Eenmaal teruggekeerd bij het oorspronkelijke vertrekpunt drong de realiteit tot mij door. Voor ons resteerde nog een laatste, zij het stevige etappe. Ik maalde er niet om. Ik dankte de gastheer en dame oprecht en vertrok in noordelijke richting. De snelweg werd donkerder naarmate de kilometers vorderden. Binnen nam de stilte toe. Even voor middernacht naderde ik Groningen. Mijn nieuwe thuis.

Dit blog is opgedragen aan Hans en Thea.

zondag 18 september 2011

Schuur

Ik ruim de vaatwasser uit. Het is zaterdagochtend. Diepe borden bij diepe borden. Plastic voorraadbakjes laat ik nog even nadrogen. Tegen mogelijk bacterieel gespuis. Theelepeltjes in het daarvoor bestemde potje, net naast de koffiezetter. Bestek gesorteerd. Gemak dient de mens. Maar nog voor ik aan de onderste lade van de vaatwasser toekom, besluit ik richting droogmolen in de aangrenzende tuin te lopen. Naderende donkere wolken pakken zich namelijk samen boven mijn landgoed. De constante strijd tussen de schone, hangende was en de elementen maakt dat ik mijn keukenklus tijdelijk staak.
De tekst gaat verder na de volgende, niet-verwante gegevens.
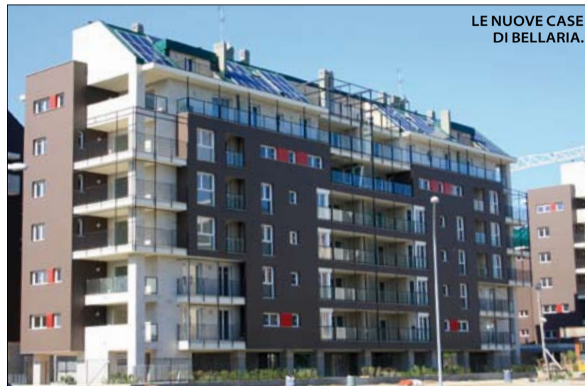
LE NUOVE CASE DI BELLARIA.

Un comportamento indegno di un vero sindaco e immorale nei confronti dei cittadini , calpestati nelle loro speranze e nei loro diritti. □
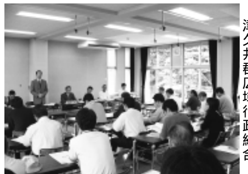
津久井郡広域行政組合
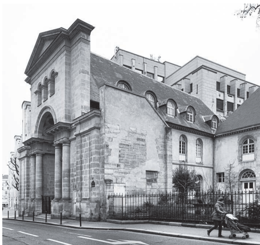
Катедральний собор Єпархії Святого Володимира Великого УГКЦ у Парижі
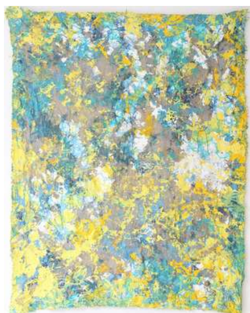
© Caroline Coppey - Froissée n°17, 2017, 167 x 137 cm, huile et acrylique sur toile libre
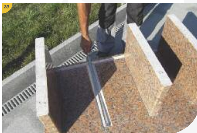
Prendre les mesures pour le repérage avant la mise en place des cloisons verticales.
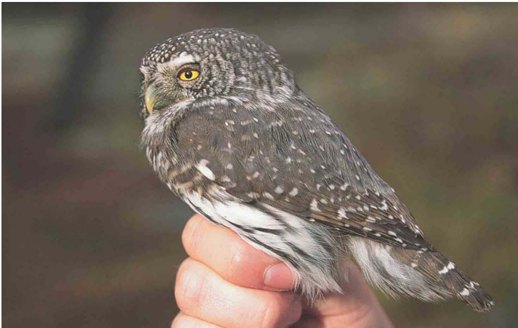
446 Eurasian Pygmy Owl / Dwerguil Glaucidium passerinum , Sükajoki, Finland, 1 October 2003
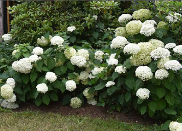
Hortenzie stromčekovitá: Hydrangea arborescens ‘Annabelle’
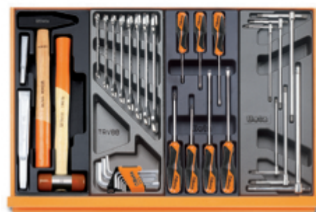
T234 T33 T208 T68
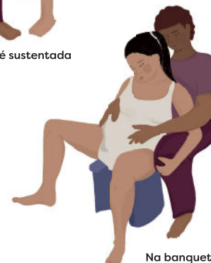
Na banqueta apoiada
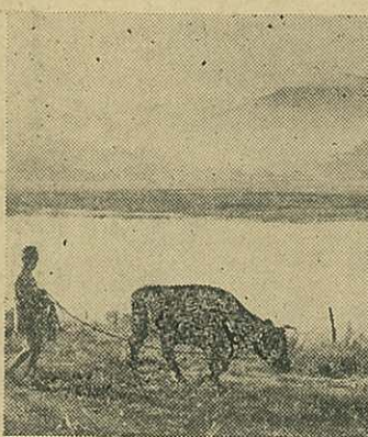
伊万里市街南面に
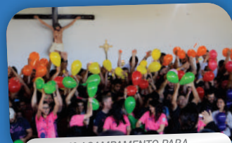
4º ACAMPAMENTO PARA NAMORADOS
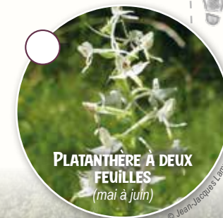
PLATANTHÈRE À DEUX FEUILLES (mai à juin)
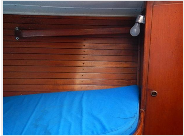
38' Le Comte Northeast stateroom starboard
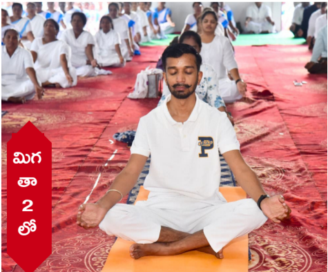
మిగ తా 2 లో
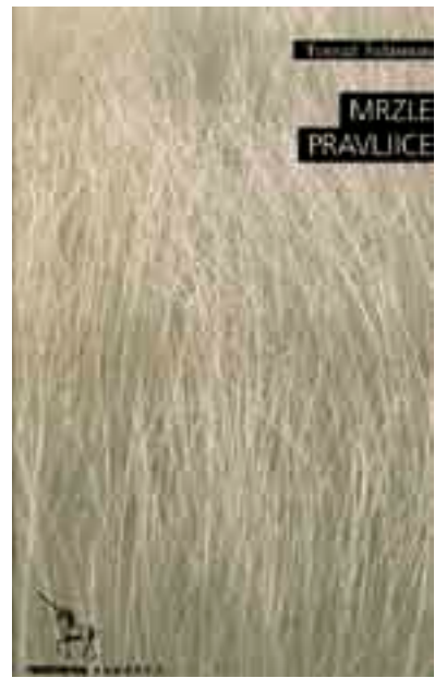
Tomaž Šalamun, Mrzle pravljice, Nova revija
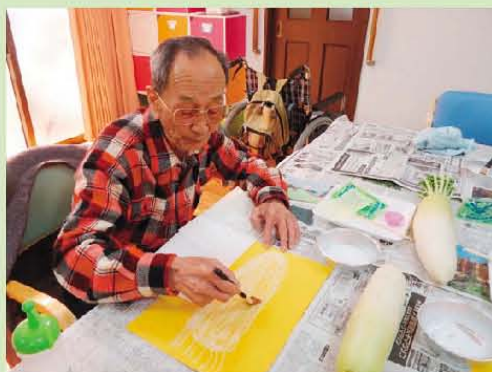
臨床美術 と 節分イベント
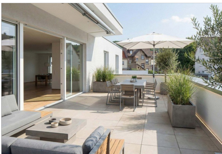
ruhige, Wohnlage, virt. mobliert
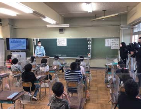
～出張学習会の様子～

新名神大阪東事務所では10月28日に八幡市立有都小学校にて1～3年生を対象とした出張学習会を行いました。学習会では高速道路がどのように作られているかの説明を行いました。 高速道路建設に関する授業ということもあり、難しくわからないことも多かったようですが、高速道路に興味を持ち、授業を行った社員に「高速道路は完成するのにどれぐらいの時間がかかるの？」と質問をする児童も見られました。 また学習会の後は、ドライブシミュレータにて、VRにて再現された新名神高速道路上の運転体験も実施しました。 ゲームで車の運転をしたことがある生徒も多く、「(ゲーム上で) ママより運転できる！」や「僕、車の運転上手いで！」と自信満々な生徒もいましたが、ハンドルの形をしたコントローラーを実際に握り、初めて行うハンドル操作に「楽しい!」「思ったより難しい!」とわくわくしながら運転を楽しむ姿が見られました。
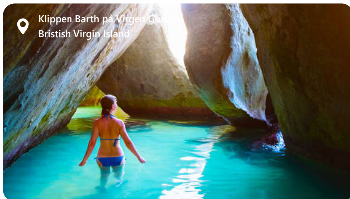
Klippen Barth på Virgin Gorda British Virgin Island

Tortola, der er den største ø af 4 øer i De Britiske Jomfruøer En skat i Det Caribiske Hav. Disse solfyldte øer byder dig velkommen med sin blændende skønhed, hvide sandstrande og krystalklart hav. Tortola er kendt for sine maleriske ankerpladser og fantastiske udsigtspunkter som Skyworld og Sage Mountain. Virgin Gorda er den mest populære med Devils N.P og The Barth. Øerne er et paradis for sejlere og dykkere og tilbyder en kultur med farverige markeder og en kulinarisk mangfoldighed. Her smelter afslapning og eventyr sammen, så det caribiske ø-liv kan nydes i sin fulde pragt.
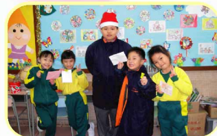
他是聖誕老人嗎？不！他是我們的「愛心郵遞員」！
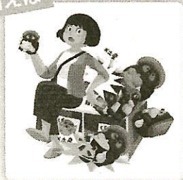
買い物中に商品を誤って壊してしまった場合の損害賠償金
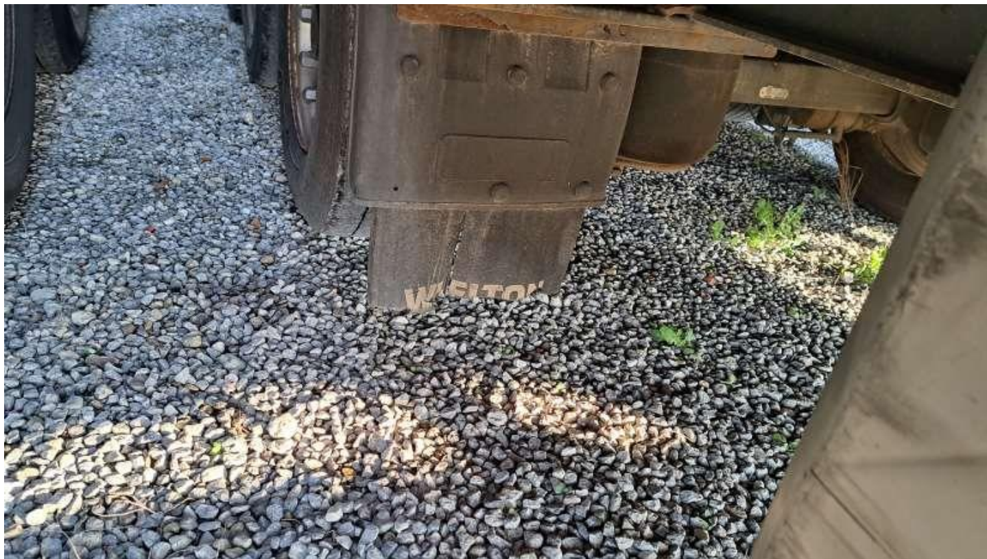
Fot. nr 56
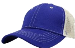
Rey / Hueso
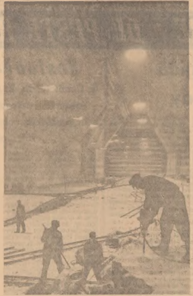
Salina „Slonic Prahova” datează din anul 1685 și este una din cele mai mari exploatare de sare solidă din țară. Zilnic de aici — datorită procesului ridicat de mecanizare și automatizare — se extrag circa 60 vagoane de sare. În fotografie o vedere de ansamblu a zonei lor de exploatare.

Marti, de la ora 18.30, în sala sporturilor de la Ploiești, se va desfășura întâlnirea internațională feminină de handbal dintre echipele Rapid București și Subotiza
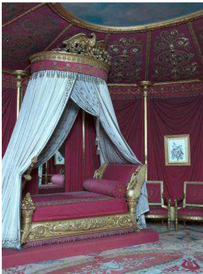
Fig. 1 Het bed van de Keizerin Rueil-Malmaison, kastelen van Malmaison en Bois-Préau

Buiten gekomen staar ik naar de dreigende lucht terwijl een nog klamme, hangende handdoek theatraal in mijn rechterhand rust. Ik twijfel. Onheilspellende Groningse luchten hebben mij wel eerder op het verkeerde been gezet. Ik wacht nog enkele minuten zonder mij te verroeren. Zonder dat ik durf te beslissen. Al wachtend corrigeer ik de droogmolen in een meer verticale stand. Het apparaat hangt al sinds de aanschaf ergerlijk scheef. De kleigrond lijkt niet in staat de benodigde stabiliteit te verschaffen. Ik besluit het risico te nemen de droogmolen te laten voor wat het is en verleg mijn aandacht naar de schuur. Mijn domein. Daar waar ik de scepter zwaai. Alleenheerser ben en onder voorwaarden bezoek gedoog. Ik ben trots op mijn tweede verblijf. Een dubbele. Met tussenliggende vide. Handig voor houtresten.

Terwijl ik de eerste van twee schuren open hoor ik mijn naam schallen. Ik neem aan dat mijn hulp of assistentie gewenst is en kuier langzaam terug richting woning. Lief maakt aanstalten om met witkalk de sombere keuken om te toveren. Slechts de zware emmer moet nog worden geopend. Mannenwerk. Ik zie vanuit mijn ooghoek de vaatwasser. Gniffelend herinnert de machine mij aan een niet volbrachte taak. Ik negeer het apparaat. Leegruimen kan altijd nog. Meer dringende zaken hebben nu voorrang. Vliegen, muggen en ander geleedpotig gespuis hebben kolossaal asiel aangevraagd in de woonboerderij. Ik besluit, zoals overigens alle dagen, een streng asielbeleid te hanteren. De stofzuigermond doet zijn werk vervolgens gulzig. Niet bepaald halve maatregelen. Een klusje van niets. Even tussendoor.

Ik verleg mijn focus weer richting schuur. Daar waar verschoven, gegooid, geschroefd, verplaatst en geruimd moet worden. Nog voor ik kans krijg de voordeur te openen loopt mijn dochter mij zo goed als omver. In haar armen draagt zij een wirwar aan kampeermateriaal. Meters scheerlijn omwikkelen in een kluwen dat wat ooit een tent was. Restanten van een overigens geslaagd schoolkamp. Haar ogen spreken niet maar smeken. Om hulp. Ik knik vaderlijk. Zij rent vervolgens opgelucht verder. Ik leg het natte tentdoek te drogen. Niet ver van de droogmolen...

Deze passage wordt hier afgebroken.